▸ **What you have to do**: For the listing below, the answer is an exact retyping of the lines from the one with "식용 색종이를 이용해 혀에 타투 이미지를 연출한 지민." through the one with "new sensitizations |", both included, without pictures.

▸ **Data listing**:
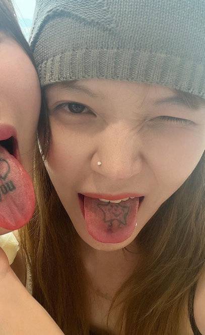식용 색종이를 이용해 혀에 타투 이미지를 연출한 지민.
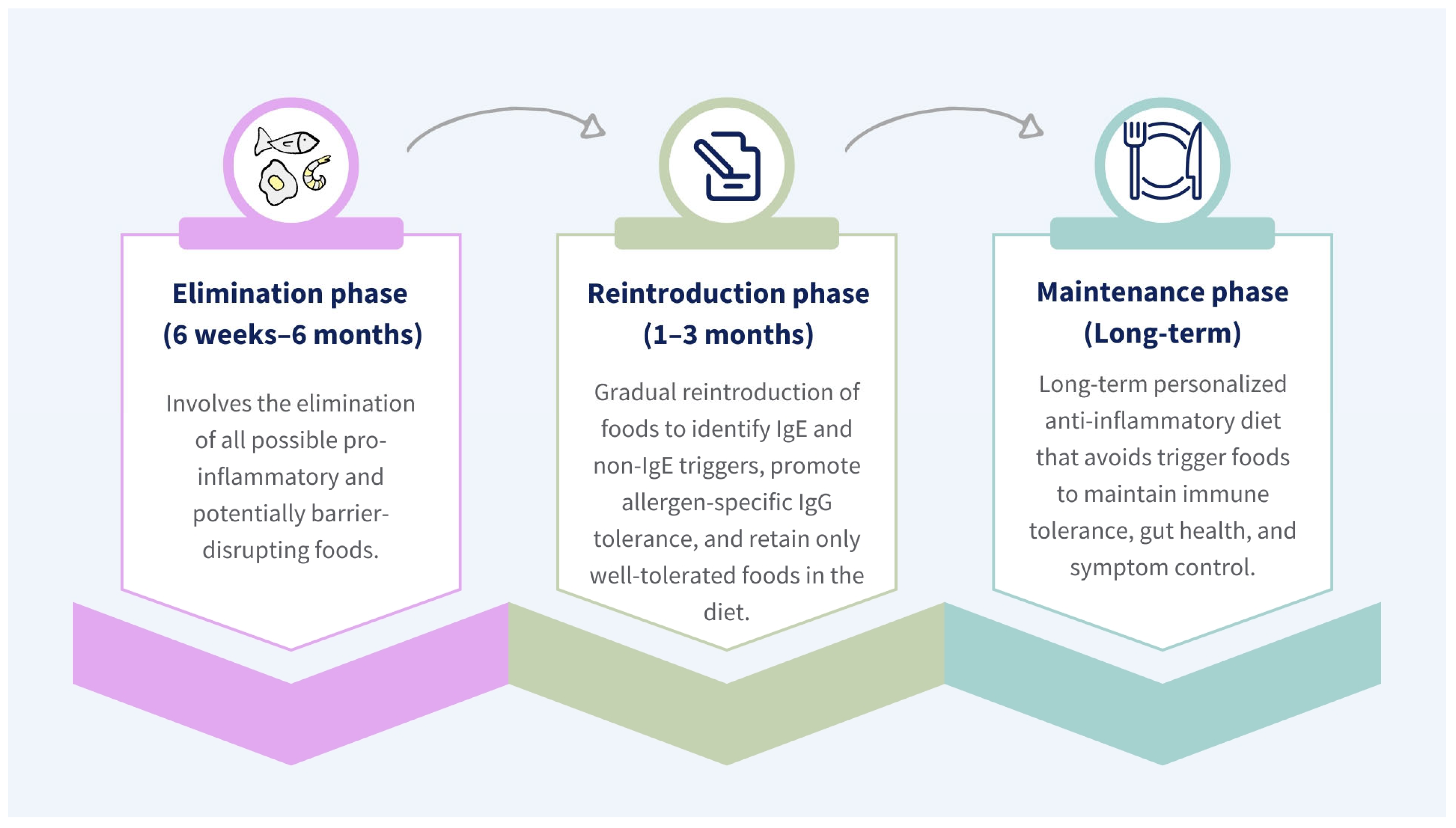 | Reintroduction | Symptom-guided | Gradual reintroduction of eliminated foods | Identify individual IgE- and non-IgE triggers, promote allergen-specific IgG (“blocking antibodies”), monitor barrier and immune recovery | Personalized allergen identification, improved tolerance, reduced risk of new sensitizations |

--

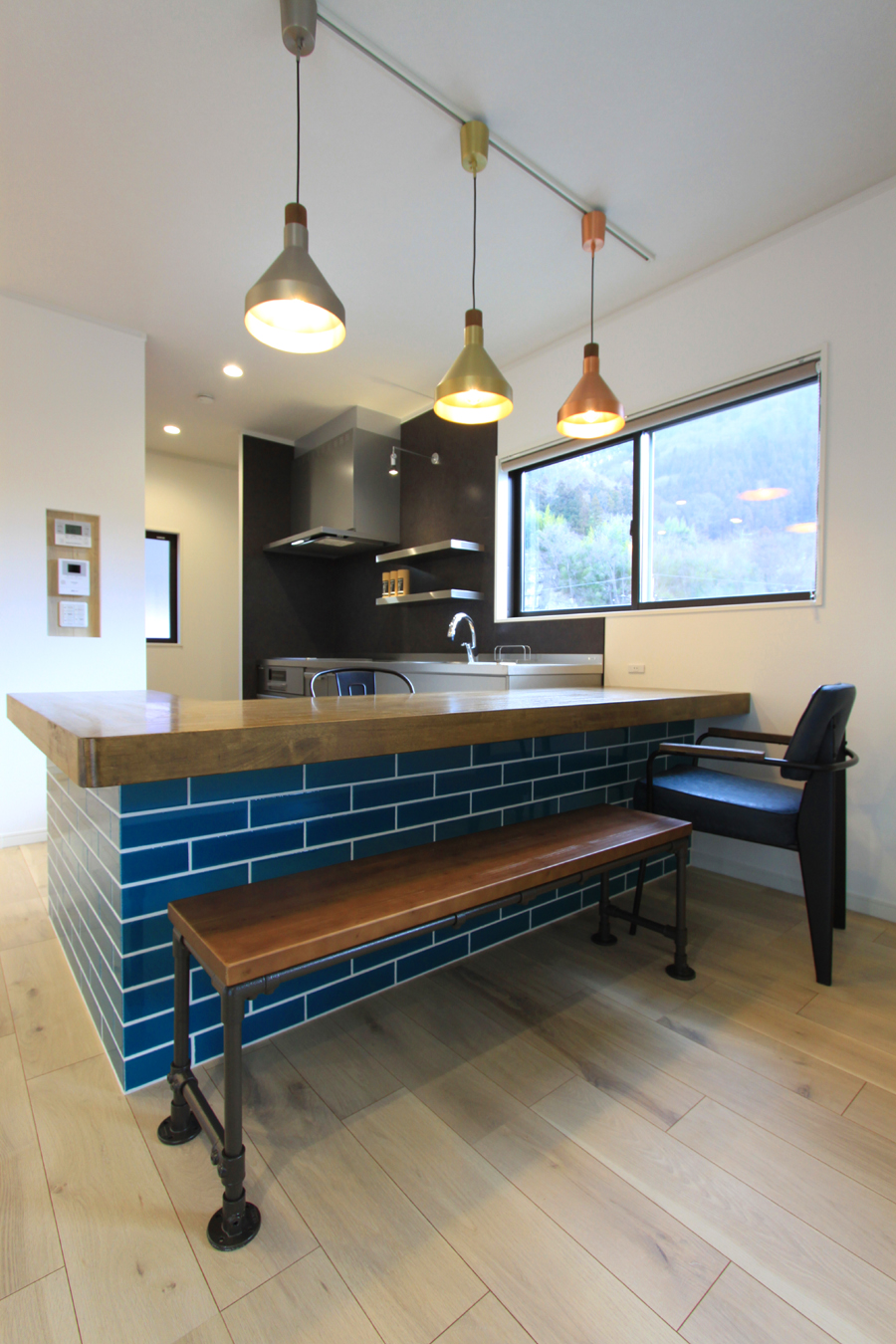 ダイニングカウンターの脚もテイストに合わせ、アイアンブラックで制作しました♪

* * *

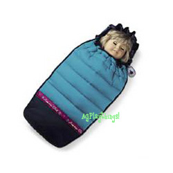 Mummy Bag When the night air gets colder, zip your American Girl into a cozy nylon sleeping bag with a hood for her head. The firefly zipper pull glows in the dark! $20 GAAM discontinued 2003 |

▸ **Problem solution**:
식용 색종이를 이용해 혀에 타투 이미지를 연출한 지민.
 | Reintroduction | Symptom-guided | Gradual reintroduction of eliminated foods | Identify individual IgE- and non-IgE triggers, promote allergen-specific IgG (“blocking antibodies”), monitor barrier and immune recovery | Personalized allergen identification, improved tolerance, reduced risk of new sensitizations |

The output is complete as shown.